Il corpo come protagonista assoluto. Un corpo erculeo, femminile che, però, sembra maschile. Un corpo, come spiega la stessa regista, capace "addirittura di parlare". Un corpo che non passa inosservato (in tutti i sensi), come non passa inosservato Body Odyssey, opera prima di Grazia Tricario, e prodotta a metà tra Italia e Svizzera. Più che un film, volutamente esagerato (o almeno noi abbiamo letto una consapevolezza tale da parte dell'autrice), una sorta di digressione della body art formato cinema, arrivando fino a sfiorare i concetti tipici del body horror. Stratificato e metaforico, quello della Tricarico non è, superficialmente, un film semplice, né tantomeno di facile accessibilità: richiede un certo sforzo, una certa predisposizione e, a tratti, anche una certa accondiscendenza.
Perché vedendolo, per analizzarlo e in qualche modo giudicarlo, non possiamo prescindere dalla voglia registica dell'autrice di rimettere in scena alcuni tratti già affrontati nel 2014, con il cortometraggio Mona Blond, dove la protagonista era la stessa Jacqueline Fuchs, bodybuilder svizzera qui protagonista in una vicenda di pura irrealtà, ma legata comunque alla cosa più reale possibile: la carne. Muscoli e sangue, le vene che stanno per esplodere, gli occhi gialli e il fiato corto. Una discesa infernale che segue l'ombra mostruosa di una donna complicatissima, e rivista dalla Tricarico in un'opera certo ambiziosa ma anche non esente da un'ingombrante sovrastruttura capace di piegare i buoni spunti.

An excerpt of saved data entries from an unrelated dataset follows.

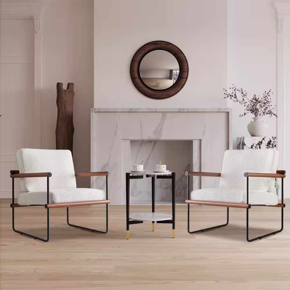 GOJANE 16.7 in. White Round Slate Stone Coffee Table and Single Upholstered Armchair with 3 Pieces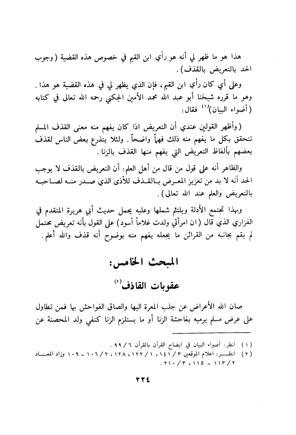 (وأظهر القولين عندي أن التعريض إذا كان يفهم منه معنى القذف المسلم تتحقق بكل ما يفهم منه ذلك فهماً واضحاً. ولئلا يتذرع بعض الناس لقذف بعضهم بألفاظ التعريض التي يفهم منها القذف بالزنا.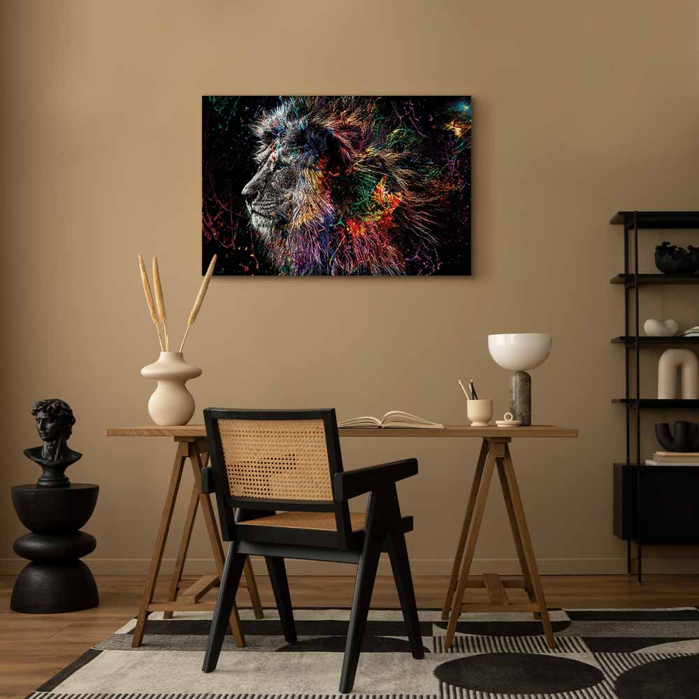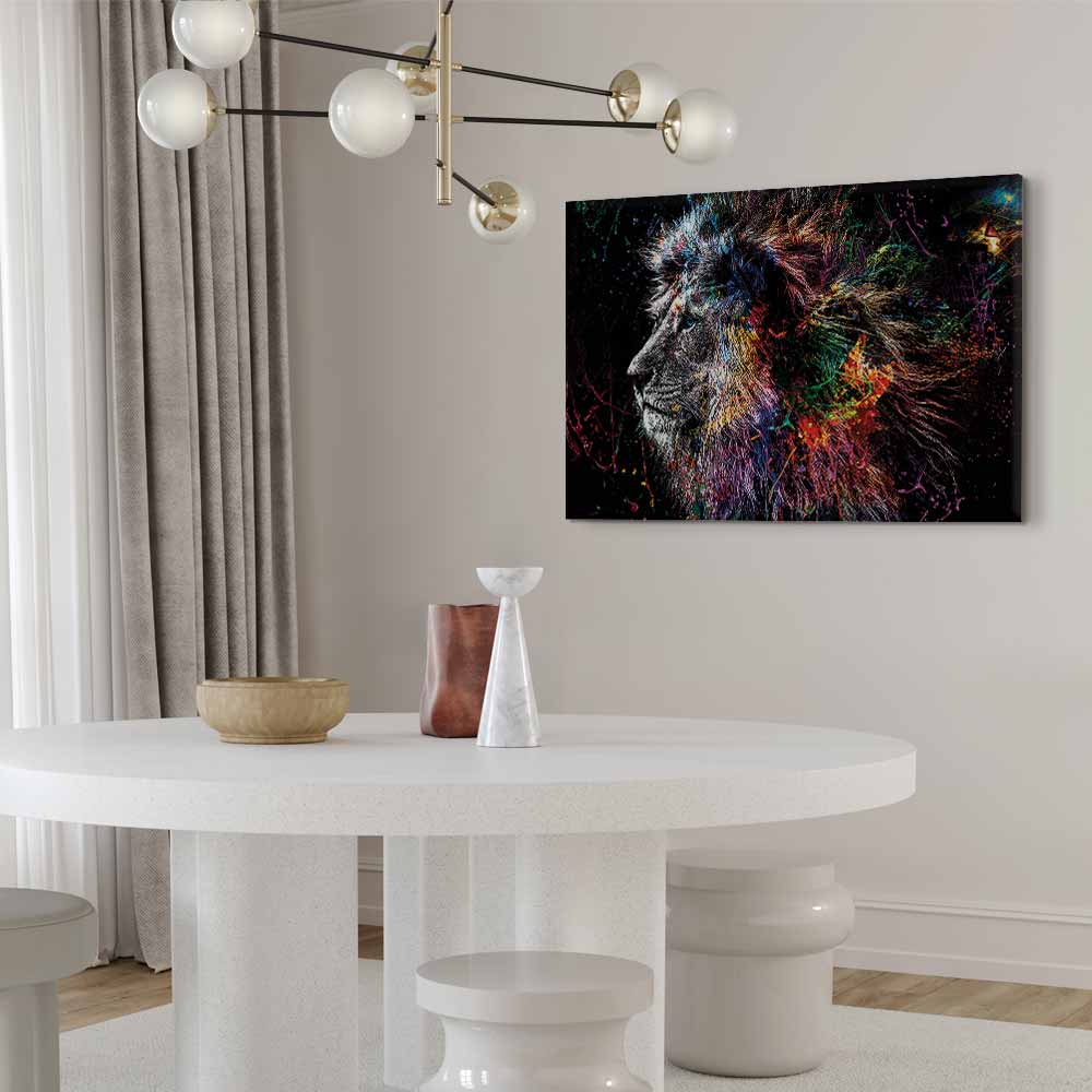 Unsere Bilder sind sicher und geruchsneutral und eignen sich daher ideal für Kinderzimmer. Die Größe wird Ihr Kind sicher beeindrucken! Bilder für Schlafzimmer sind ein echter Blickfang, genauso wie Bilder Wohnzimmer. Dekorieren Sie die Wände in Ihrem privaten Bereich mit einem Bild „Leinwandbild – Crazy Lion (1 Part) Wide“. Wir empfehlen Bilder für Schlafzimmer , die Sie beruhigen und in eine erholsame Stimmung versetzen. Bilder aus unserer Kollektion werden Ihrem Interieur eine außergewöhnliche Atmosphäre verleihen. Unabhängig vom Raum schaffen auch Kunst Bilder eine gemütliche Atmosphäre für die Gäste. Massive Holzrahmen unterstreichen den einzigartigen Charakter der Schlafzimmerbilder, und ein schneller und sicherer Versand ist ein weiterer Vorteil, der für diese Wanddekorationen spricht Leinwandbilder sind in fünf Varianten erhältlich, sodass jeder Kunde die perfekte Option für seine Bedürfnisse findet.Die Variante auf Strukturleinwand (Standard) ist eine universelle Dekoration, die das Haushaltsbudget nicht belastet.Für Liebhaber edler Materialien ist ein Druck auf italienischer Leinwand aus 100 % Baumwolle die ideale Wahl.Und für Fans der Malerei? Hier überzeugt die außergewöhnliche Premium-Print-Technik – ein Bild, das auf Strukturleinwand gedruckt und von Hand mit einer Schicht transparenten Gels überzogen wird, die die Pinselstriche eines Künstlers imitiert – ein „wie gemalt“-Effekt, aber zu einem günstigeren Preis.Die Variante im soliden Holzrahmen des Typs American Box mit Tiefeneffekt (zwei Rahmenfarben zur Auswahl, Motiv auf Strukturleinwand gedruckt) bietet eine klassische Lösung in neuer Form.Das Akustikbild (Druck auf Strukturleinwand mit einer zusätzlichen Schicht schallabsorbierendem Schaumstoff) ist dagegen ein Volltreffer für alle, die Ästhetik mit Funktionalität verbinden möchten.Zwar sind die beiden letzten Optionen nur für bestimmte Größen von einteiligen Bildern verfügbar, doch bei allen Varianten legen wir GRATIS die erforderliche Anzahl an Haken und Nägeln zur Montage bei.

Body Odyssey, la trama: il corpo come storia
La protagonista di Body Odyssey è proprio Mona Blond (interpretata dalla Fuchs), bodybuilder che, sotto le direttive dell'avido allenatore Kurt (Julian Sands, sempre mefistofelico e strepitoso), sta spingendo oltre i limiti i muscoli del proprio corpo, in preparazione ad una gara fondamentale. Rimpinzata di steroidi e proteine, per Mona inizia una sorta di viaggio dell'assurdo: ricerca la sua femminilità dietro un aspetto ormai mascolino, e prova in qualche modo a cibarsi di emozioni fugaci dopo aver incontrato per caso un ragazzo. Il film Grazia Tricarico, infatti, racconta essenzialmente il lasso di tempo che separa Mona dagli allenamenti alle gare. Una macchina votata alla perfezione, ma che sembra invece molto più vicina all'orrore, al disgusto, alla deformazione.
Approccio autoriale, sovrastruttura ingombrante
A proposito di deformazione, è curioso l'esperimento artistico della Tricarico, mosso da un chiaro approccio autoriale: ogni stortura e ogni bruttura, che si gonfiano e si sgonfiano come muscoli che pompano, sono costantemente sottolineati dallo sguardo onirico che aleggia sull'intera messa in scena, come se fosse una specie di rivistazione della poetica di Cronenberg. Body Odyssey, tra l'altro, più che concentrarsi sulla figura di una bodybuilder, si sofferma sull'indagare i tormenti che derivano dall'incomunicabilità messa in circolo tra il i muscoli ed il pensiero della protagonista (da qui un concetto che rifiuta i canoni tipici degli sport movies). Un tormento che segue sacrifici estenuanti e spesso auto-flagellanti, puntando ad un mutazione continua che si rimpalla in ogni dettaglio soppesato dalla regista.
Il punto, però, è proprio questo: per assurdo, il film sembra soffrire eccessivamente i calcoli al millimetro, finendo per diventare più estetizzante (appunto la body art) che tangibile nella forma del racconto, in questo caso sacrificata da una costante esasperazione visiva. Parlavamo di sovrastrutture non a caso: si ha l'impressione che Body Odyssey sia in qualche modo soggetto ad una costante appariscenza, come se fosse in qualche modo vittima di una costante dominazione da parte della muscolatura, appunto, formale. Resta comunque l'ambizione di uno sforzo filmico che indaga il valore del corpo, tanto potente quanto fragile e sfuggente, parafrasandosi nella musica pulsante della colonna sonora di Lorenzo Tomio.
Conclusioni
Una messa in scena potente ma forse troppo caricata e dalla sovrastruttura ingombrante quella di Body Odyssey, opera prima di Grazia Tricarico. Un'opera va detto di sicuro interesse e di sicura curiosità, che indaga il corpo come macchina umorale, stretta in una bellezza che diventa mutazione orrorifica. Buona la prova della culturista svizzera Jacqueline Fuchs.
Perché ci piace
- La prova di Jacqueline Fuchs.
- La colonna sonora.
- Una buona regia...
Cosa non va
- ... Forse troppo caricata?
- La sovrastruttura, che tende ad estetizzare eccessivamente.